Während die Herren Ober im Cafe Sperl mit den Damen der Essensausgabe schäkern, bestellt Christoph Slagmuylder einen großen Mokka. Ein Lieblingskaffeehaus in Wien hat er also bereits, das passende Getränk auch. Im Vorjahr sprang der gebürtige Belgier als Festwochen-Intendant ein, mittlerweile ist sein Vertrag bis 2024 fixiert. Zwei Mal pro Woche nimmt Slagmuylder Deutschunterricht, das Interview führt er dennoch lieber auf Englisch.

Fühlen Sie sich in Wien schon ein bisschen zu Hause?
CHRISTOPHE SLAGMUYLDER: Mein Leben hier besteht in erster Linie aus Arbeit, Arbeit, Arbeit. Wenn ich ein bisschen Freizeit habe, erkunde ich die Stadt zu Fuß, um die Bezirke kennen zu lernen. Jeden Sonntag erobere ich einen anderen.

Welchen haben Sie sich schon erwandert?
Den zweiten zum Beispiel. Er ist wie der Prenzlauer Berg in Berlin, er ist grün, voller junger Leute und Familien und es gibt viel Platz. Ich selbst lebe im achten Bezirk an der Grenze zum siebenten. An einem anderen Tag besuchte ich die Wotrubakirche im 23. Bezirk.

Mit Ihrem ersten Programm bespielen Sie 27 Locations in elf Wiener Bezirken – so viele wie noch nie. Warum muten Sie sich so viel zu?
Ich finde ein Festival in der Stadt sollte sich auch darin bewegen. Wien ist viel mehr als die Konzentration auf wenige Orte. Mir gefällt die Idee, innerhalb von Wien nomadisch zu sein. Deswegen installieren wir auch mehr als ein Festival-Center. Ich möchte ein internationales Festival, aber es braucht Verankerung. Ich weiß, dass die Donaustadt-Sache riskant sein kann, aber ich war einfach fasziniert davon, als mir die Leute von Transdanubien erzählten, dass es eine große Sache ist, über die Donau zu gehen. Deswegen wollte ich dort starten.
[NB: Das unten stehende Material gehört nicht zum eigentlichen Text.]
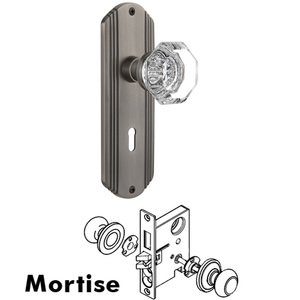 Deco Collection - Complete Mortise Lockset - Deco Plate with Waldorf Knob in Antique Pewter by Nostalgic Warehouse - 706512 | MyKnobs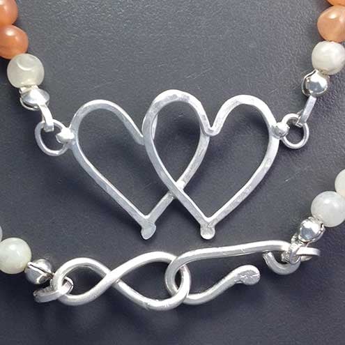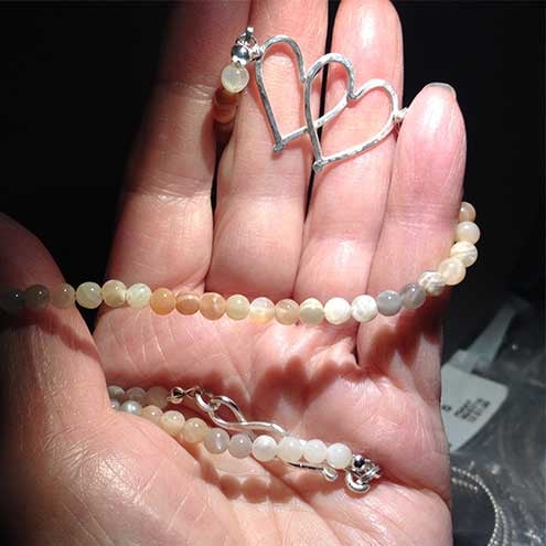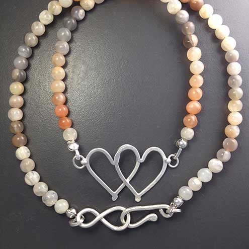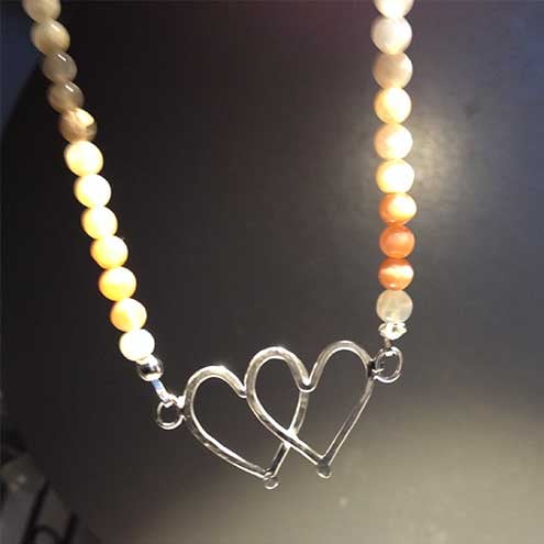 Subtle multi-coloured Moonstone beads make up this lovely necklace with a silver joined hearts charm as the focal point. The beads range from white through grey to peach colours and the silver hearts have been hammered for strength and texture. The necklace measures 18 inches with a handmade hook and eye clasp. This pretty and feminine necklace will make a lovely Valentine's gift for someone special.

Unter Ihrem Vorgänger Tomas Zierhofer-Kin gab es einen Besucherrückgang. Wie läuft es aktuell mit dem Ticketverkauf?
Es läuft sehr gut. Es ist alles neu für mich, ich beobachte und versuche zu verstehen, wie das Festival und die Stadt funktioniert. Während der letzten Jahre haben sich die Festwochen mehrmals stark verändert. Es war nicht alles gut und nicht alles leicht. Wir müssen das Festival umorientieren. Ich hoffe, die Leute geben mir auch eine Chance. Ich habe die letzten zwölf Jahre ein Festival in Brüssel geleitet, das eine sehr gute Reputation in den professionellen Zirkeln hatte. Ich hatte das Gefühl, das war meine DNA, meine Komfortzone. Nun war es Zeit, diese Komfortzone zu verlassen.

Ihr erstes Programm, das Sie selbst als Probelauf verstehen, ist sehr performance- und theaterlastig ausgefallen. Wird es in Zukunft wieder Opern geben?
Eine große Frage, die ich oft höre. Ich lasse die Antwort stets offen. Ich denke viel über Live-Musik nach, will sie definitiv abseits von Konzerten auf der Bühne haben, in Formen, die noch nicht als Oper gelten. Die brauchen mehr Zeit. Ich denke 2021 könnte das erste Jahr sein, in dem es realistisch eine uraufgeführte Oper geben könnte.

In Wien glaubt man gerne, Nabel der Welt und eine Metropole zu sein: Wie sehen Sie das?
Ich würde das so nicht sagen. Wien ist keine kleine Stadt. Ich vergleiche es stets mit Brüssel, wo viele Nationalitäten leben und keine Kultur dominiert, dafür mangelt es an Identität. Wien ist monokultureller als ich es erwartet habe. Es gibt Einfluss osteuropäischer Staaten. Das Zentrum ist wunderschön, aber sehr touristisch.

Viele der KünstlerInnen kennt man aus dem steirischen herbst, den einst die aktuelle Wiener Kulturstadträtin Veronica Kaup-Hasler geleitet hat. Haben Sie vorab viel über solche Details geredet?
Nein, überhaupt nicht. Wir kennen einander von Brüssel, von einem Netzwerk europäischer Festivals. „Bacantes“ von Marlene Monteiro Freitas zum Beispiel war schon in Graz. Jetzt kommt es nach Wien und 2020 gibt es eine neue Arbeit von ihr bei den Festwochen.

Festwochen-Eröffnung: Heute, Rathausplatz Wien. Mit Clara Luzia, Soap&Skin, EsRap u.a. ORF 2 überträgt live ab 21.20 Uhr.